Anecdotes and advice about preparing for a career in health

Category: Postbac (Page 2 of 3)

Working at the Museum of Science

There are many ways to gain relevant experience before you apply to health professions school. Today’s post will help you to think a bit more creatively about what you can do with your love of science, human biology and working with people. Postbac Stephanie Tin talks about working at the Museum of Science:

If there’s one thing I’ve learned from the post-bac program, it’s that being pre-health doesn’t mean being a bio major. The path to being a clinician can start anywhere – from journalism in New York City, or teaching in South Africa – and it can include more than just taking classes, shadowing doctors, and working in research labs.

So when I started looking for medically-relevant extracurriculars, I didn’t limit my search to the clinical setting. I built off of my early education background and ended up at the Museum of Science in an exhibit dedicated to human health, biology, and behavior.

At the Museum of Science, I give an array of interactive educational presentations, like sheep eye dissections, bonobo skeleton reconstructions, and pig heart/lung demonstrations. I work with and learn from real anatomy every day, and I have picked up so much information that I wasn’t taught in class. (Did you know that a child’s heart rate is faster than an adult’s? Or that you can taste salt, but not smell it?)

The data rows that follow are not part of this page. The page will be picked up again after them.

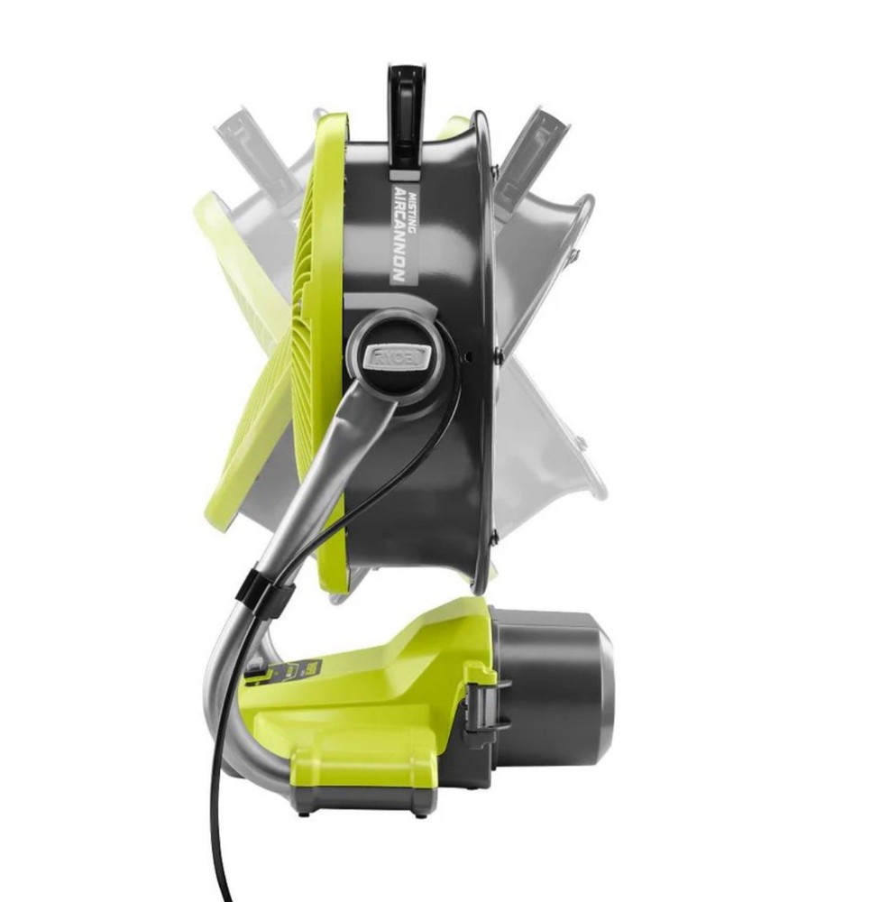 The 18V ONE+ HYBRID 12" MISTING AIR CANNON FAN by Ryobi is a powerful and versatile indoor fan that operates on an 18V battery for convenient cordless use. With a round shape, plastic material, and a 12" diameter, this fan features two speeds and a push button control style for easy adjustment. The adjustable tilt/head feature and rechargeable battery make it a convenient and efficient option for improving indoor air quality. The 54 dB operating sound rating ensures quiet operation, while the 1400 CFM air flow volume provides a strong breeze for comfort. FACTORY RECONDTIONED
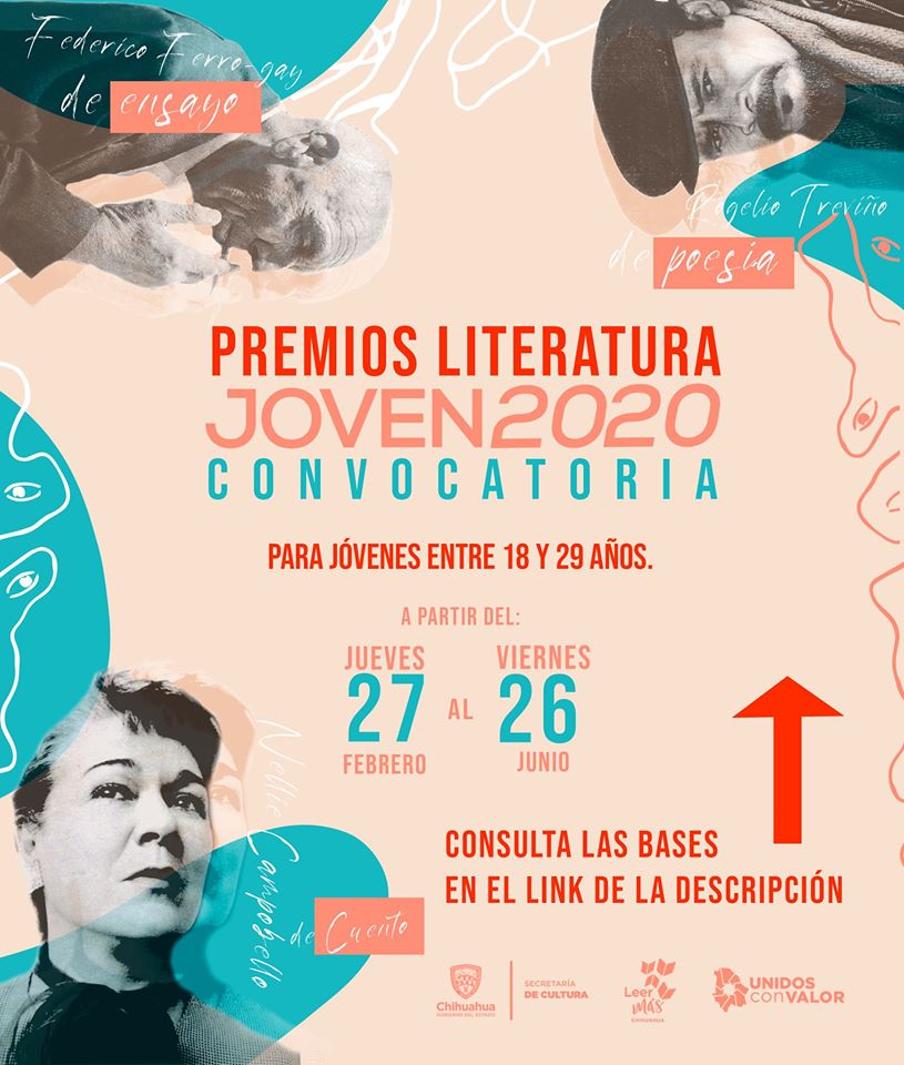 CHIHUAHUA, CHIH.- El Gobierno del Estado de Chihuahua, a través de la Secretaria de Cultura y con base en el Plan Estatal de Fomento al Libro, la Lectura y la Escritura “Leer Más”, reitera la invitación para concursar por los Premios de Literatura Joven 2020, cuya convocatoria cierra el próximo 26 de junio.
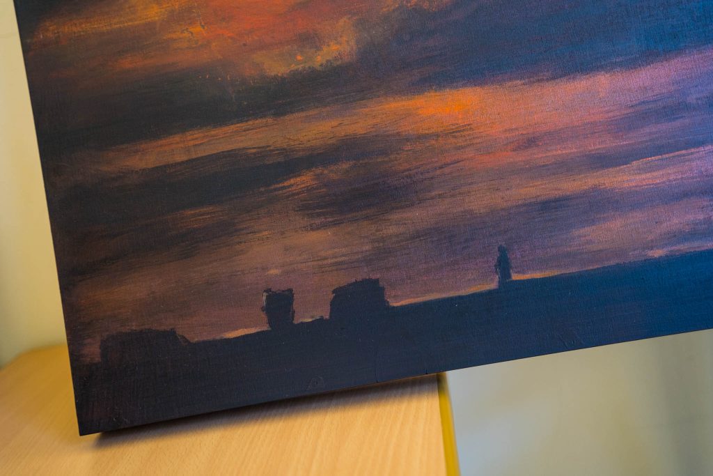Végül összesen hat darab festmény készült, ám ebből csak három lesz kiállítva a Hagymaházban, egyfajta triptichonként. Más-más elrendezésben készültek a képek, a tervek szerint két fekvő és egy álló fog kikerülni. Ez a művész elképzelése, azonban sok fog múlni a kiállítótér adottságain, valamint Karsai Ildikón is, aki amellett, hogy a Natura vezetője, a kiállítás berendezésekor kurátori szerepet is betölt.
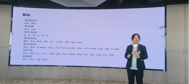 进入实训活动的第三部分,同时也来到了本次实训活动的高潮。闫远老师为我们准备了《期货入门》这一部分的具体讲解,通过介绍目前期货市场上的各大主要板块与具体期货指标的分析学习,帮助我们在期货实操这一部分得到更完整的认知。在这一过程中,闫老师依旧认真调动同学们的积极性,通过和大家互动交流来帮助巩固知识,为之后的实操部分打好基础。《期货入门》这一课程通过讲解完整的期货实操内容介绍、高时效性的信息获得渠道、交易的具体步骤等方面,令我从中受益匪浅。

The visitor interactions are fantastic. I have learned so much by helping others learn and exploring their curiosities. And my co-workers are a great resource! I work with about a dozen volunteers who give presentations with me, many of whom are retired physicians or professors of science, and every single one of them is there because they love working with people and sharing their experiences.

In the meantime, I am also designing a new presentation to bring into the exhibit, which requires research into biology (What should we teach?) as well as two different levels of education (How should we teach it to presenters? How should we teach it to visitors?).

You can learn without being in a classroom, you can study the human body without being in a hospital, and you can do research without being in a lab. My advice: make your pre-med path your own and you’ll enjoy every step.

Museum of Science

Dan Earley: My Time at Lahey

Our last post was about the Lahey Clinical Research Preceptorship from the perspective of someone who recently completed both the preceptorship and the Postbac Premed Program. Another former preceptor and postbac alum, Dan Earley, who has just begun medical school, talks about turning the preceptorship into a fulltime glide-year job:

As I start my first weeks of medical school, it’s a good opportunity to reflect on the last few years that got me here. Late in my senior year of college I started thinking about a career in medicine but as a Classics major with only a few science classes, I knew I had a long way to go. I spent the first 6 months after college reflecting if this was the path I wanted to take, and researching ways to achieve my goals. After getting into the Tufts Postbaccaulaureate program I started classes in January following my graduation.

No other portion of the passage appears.